X-PRESS: I tried to be smart and strategic about when I need to take a breath. Also, it didn't hurt my self-esteem because I did it right after a sub-max attempt, it's gotta be some energy spent!
I ended up taking 7 breaths doing marching, jogging, and jumping jacks, you can see a video of mine about it.
X-FACTOR: So, here are my honest answers:
- What surprised me today is how precise I was predicting that I'll hold my breath for like 4'30'' no-pushing when I told Renee so on a last Sunday meeting. And also that I could even do so great NO PUSHING, just 45 seconds less than my PB, for which I had pushed for 3 minutes! Also it's a dry breathold, and I was doing my PB in a water...

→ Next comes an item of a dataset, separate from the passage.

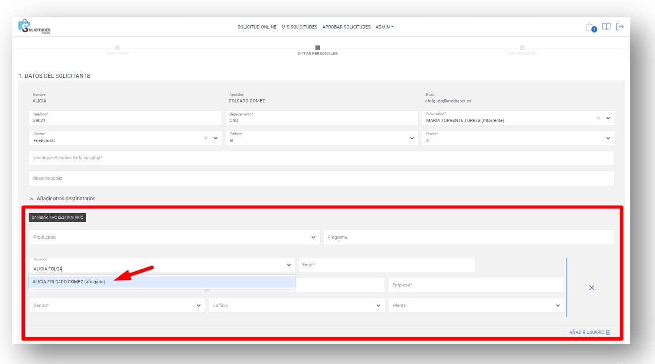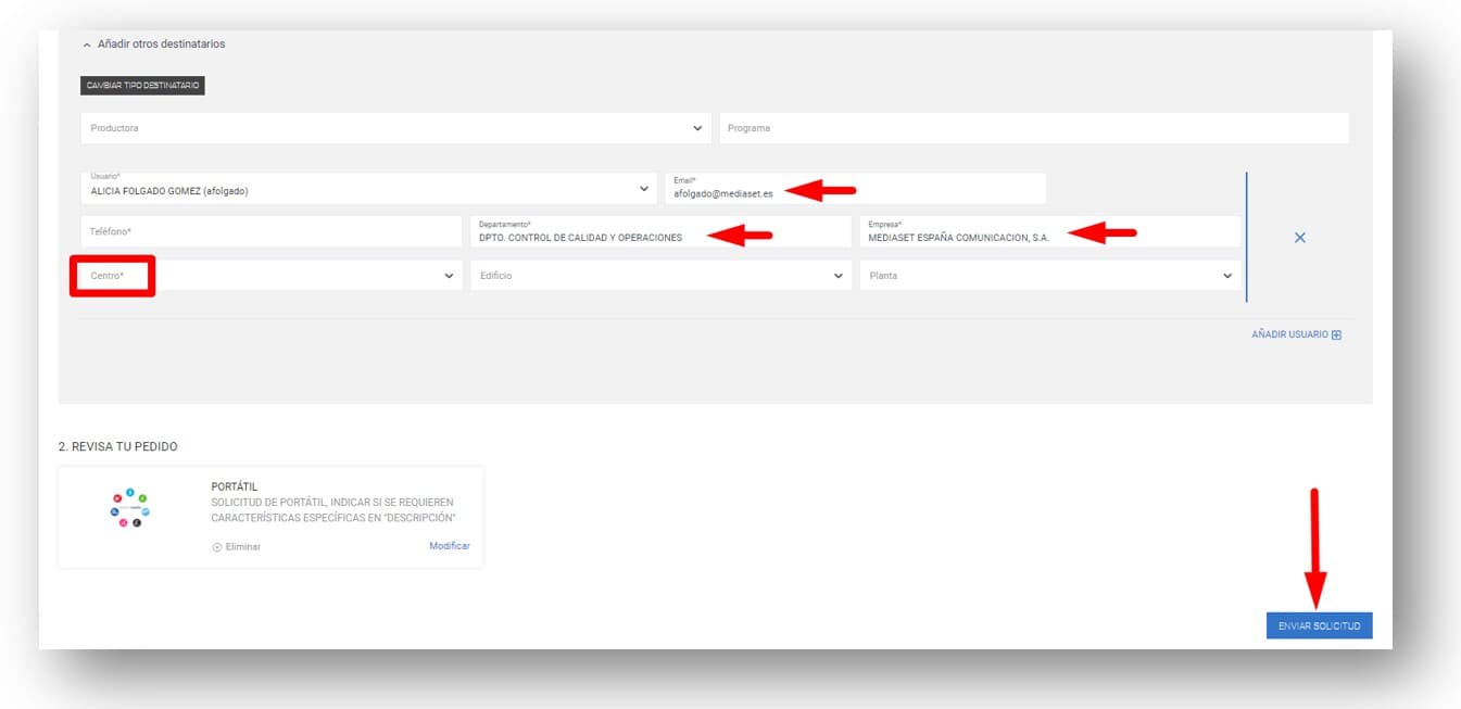 Al seleccionar el usuario del listado, se informan automáticamente los campos EMAIL, DEPARTAMENTO y EMPRESA. Informar además el campo obligatorio CENTRO y pulsar el botón ENVIAR SOLICITUD para tramitarla. (NOTA: si la solicitud es para varios usuarios del directorio activo, antes de enviar la solicitud, se pueden añadir tantos usuarios como necesitemos pulsando el botón +AÑADIR USUARIO)

- Starting to feeling my discomfort is quite nothing for me, for a long time. Contractions are strong and come fast, but I ignore any amount and intensity of them. The thing really stopping me for achieving great results on competitions is much different (we discussed it somewhere below👇) but it never showed up during this session.
- I think my state of mind could be described as 'anxious suspicion' on 1st, 3rd and 4th attepmts, and dreamy on 2nd one. I was literally daydreaming about exploring a beautiful coral garden underwater as I want to do in my future while holding my breath!